For all the brouhaha about the expanding power of the federal government, how come no one is out in the streets protestintg the massive expansion of the power of Fox News and its related ventures, which apparently includes the power to order confiscation of newspapers without a valid reason and otherwise restricting the rights of a free press (which seems like an odd priority for a media company, but...).

Think I'm wildly exaggerating? Not in these two disturbing cases, one on each coast.

In New York:

On Monday, I reported on an incident that took place at the News Corp. headquarters building in midtown Manhattan, where three volunteers handing out copies of a New York Post parody issue were detained and their newspapers confiscated.

The episode raised a couple of troubling questions: Why did NYPD officers take it upon themselves to interfere with citizens who were exercising their First Amendment rights without breaking the law? And did News Corp. -- a journalistic enterprise that has a vested interest in defending free speech -- have anything to do with it? The answers I've gotten are not reassuring.

What happened?

But that changed sometime after 7:30 a.m., when one of her fellow volunteers succeeded in placing a paper into the hand of News Corp. chairman Rupert Murdoch as he entered the building. Shortly after that, says Lockwood, two police officers who had been observing from a patrol car parked nearby approached her and instructed her to stop what she was doing.

Read the whole thing -- it's hard to not to reach the conclusion that New York police officers blocked the delivery of and even confiscated copies (as pictured at top) of a perfectly legal parody edition of the New York Post, perhaps at the behest of News Corp. exexs and maybe even Rupert Murdoch himself. That's alarming, and I hope the proper authorities in NYC investigate what happened here. The news comes at the same time that Fox News is reportedly seeking to block journalism on the other coast:

There will be no press credentials for the sold-out "Welcome Home Glenn Beck" event, 7:30 p.m.
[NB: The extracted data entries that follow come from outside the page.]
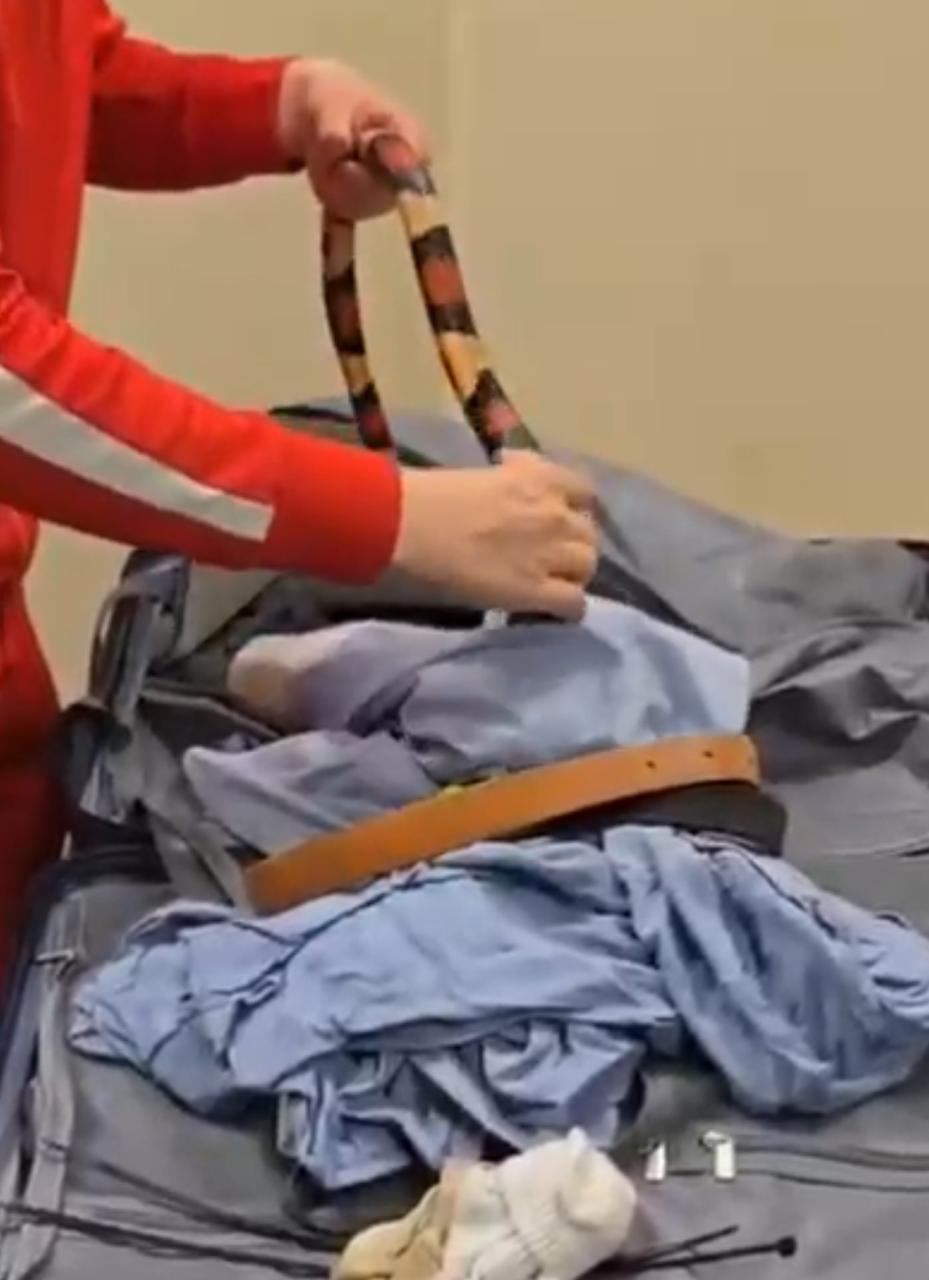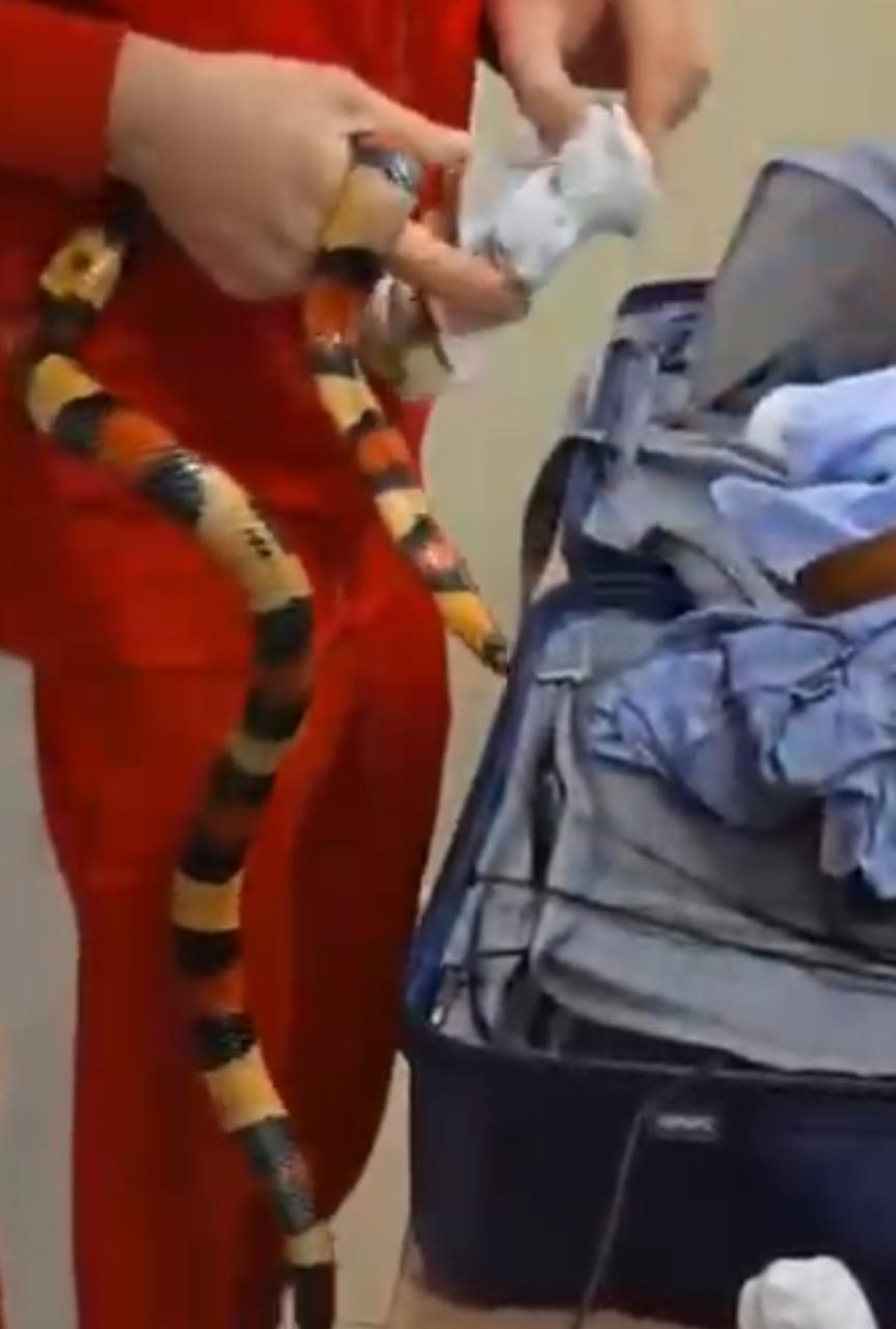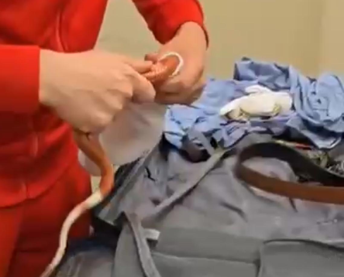 ففي اثناء انهاء الإجراءات الجمركية علي ركاب رحلة الخطوط الروسية (ايروفلوت) استوقف رئيس القسم المعين علي لجنة الخط الأخضر احد الركاب اثناء محاولته الخروج من بوابة اللجنة الجمركية، والذي انكر حوزته لما يجب الإفصاح عنه، وبتفتيش حقائب الراكب علي جهاز الفحص بالأشعة تلاحظ وجود كثافات عضوية داخل حقائب الراكب وبتفتيش حقائب الراكب يدويا عثر علي ثعابين وعقارب داخل الحقائب.
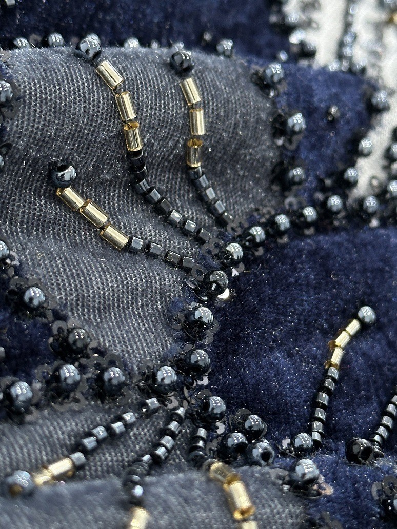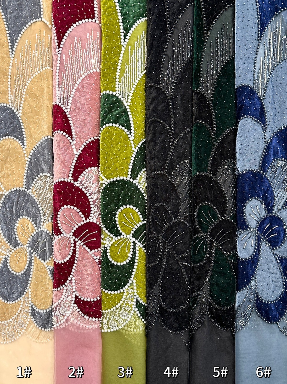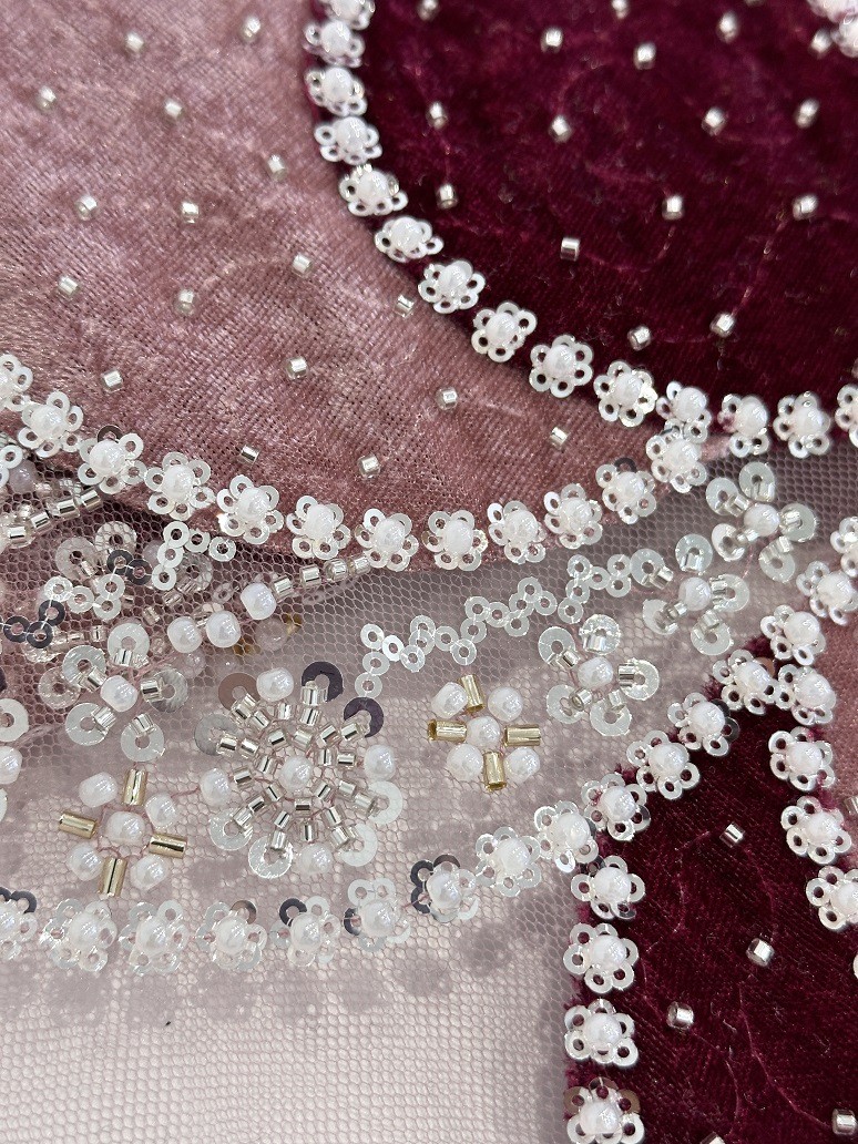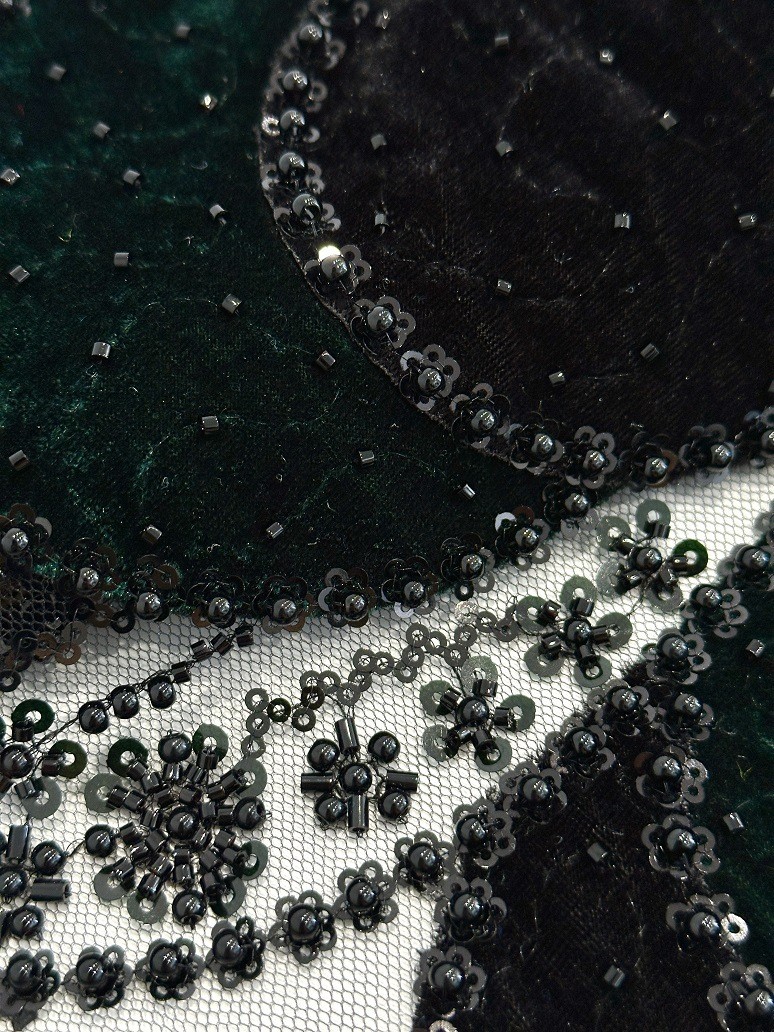 Two-Color Flannel Laser Embroidery Fabric European American Beaded Tube Embroidery Sequin Lace Mesh Fabric for High-End Evening Dresses
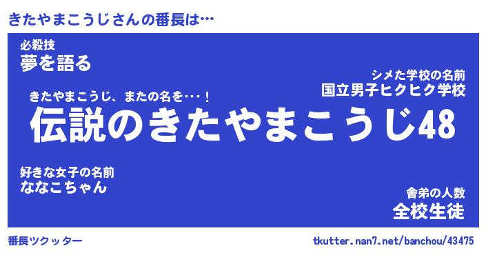 | 伝説のあだ名 | 『伝説のスナイパーきたやまこうじ』 |
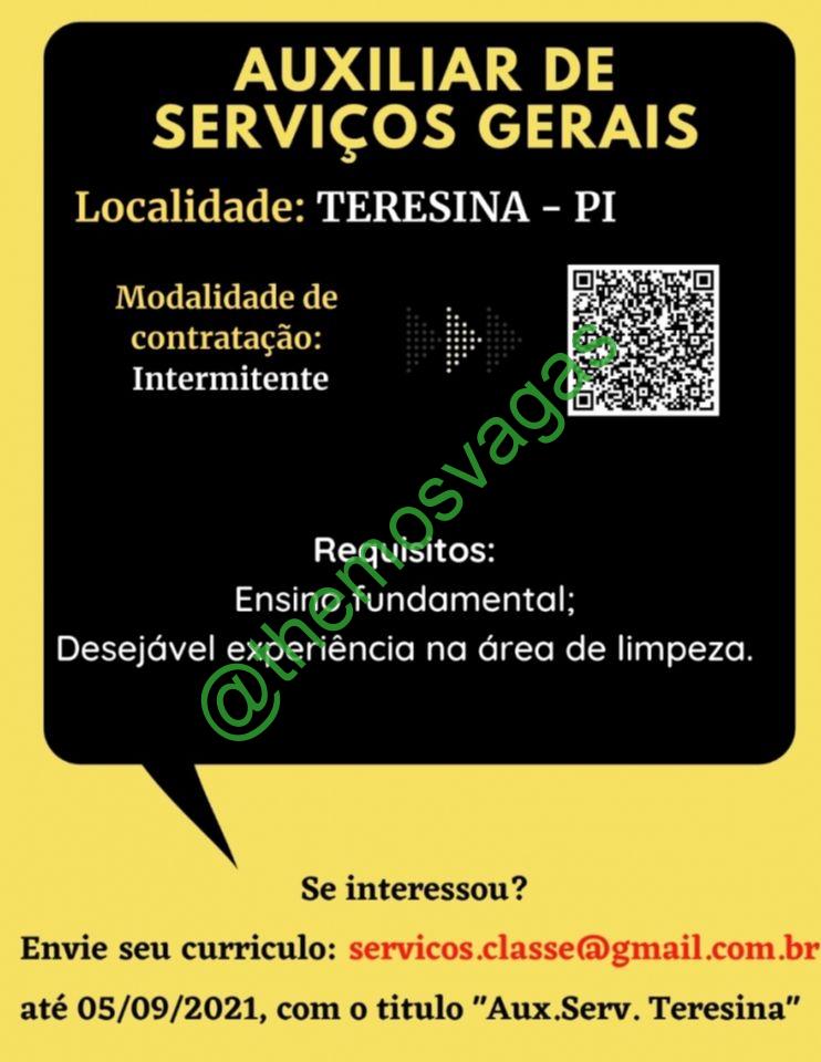 – Interessados(as) e que atendam ao perfil solicitado acima, devem enviar o currículo até 05/09/2021 para o e-mail servicos.classe@gmail.com.br , contendo no título/assunto “Aux.Serv. Teresina”.
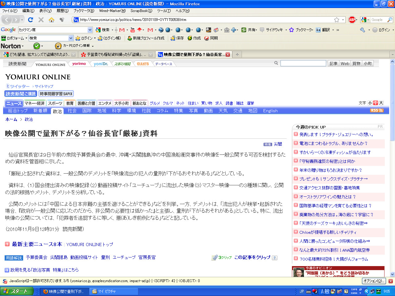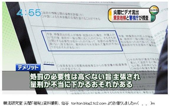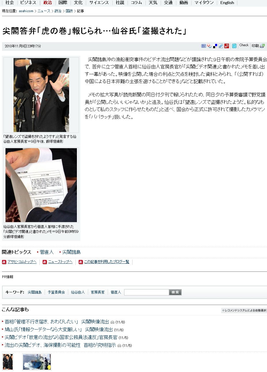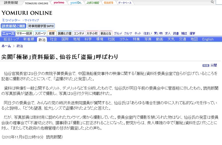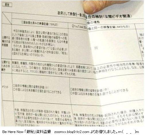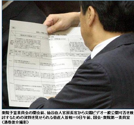 資料は映像を一般公開するメリット、デメリットなどを分析したもので、仙谷氏が同日午前の委員会中に菅首相に示したもの。読売新聞の写真部員が望遠レンズで撮影し、写真は9日付夕刊に掲載された。

Saturday at McIntyre Hall — with the exception of one member of the local press who will accompany Mayor Bud Norris.

Norris, who planned the instantly controversial evening, said the directive came from Fox News and syndicated-radio personality Beck and his representatives, and that he wasn't told why: "No, I didn't ask for a reason." Norris said he would be choosing the one reporter allowed but hadn't decided who it will be.

The event in Washington State sure sounds like a public event -- the mayor of the town where Beck grew up giving him the keys to the city -- except that you need to buy $25 tickets and the press is mostly barred. The whole thing is kind of silly -- I'm sure a few reporters will pay $25 to "infiltrate" the ceremony -- but it just shows how Fox News tries to have it both way, bragging about its commitment to journalism even though its institutional and cultural values are basically hostile to journalism and a free press. Maybe someone can hire James O'Keffe and Hannah Giles to sneak into the Beck event with a hidden camera.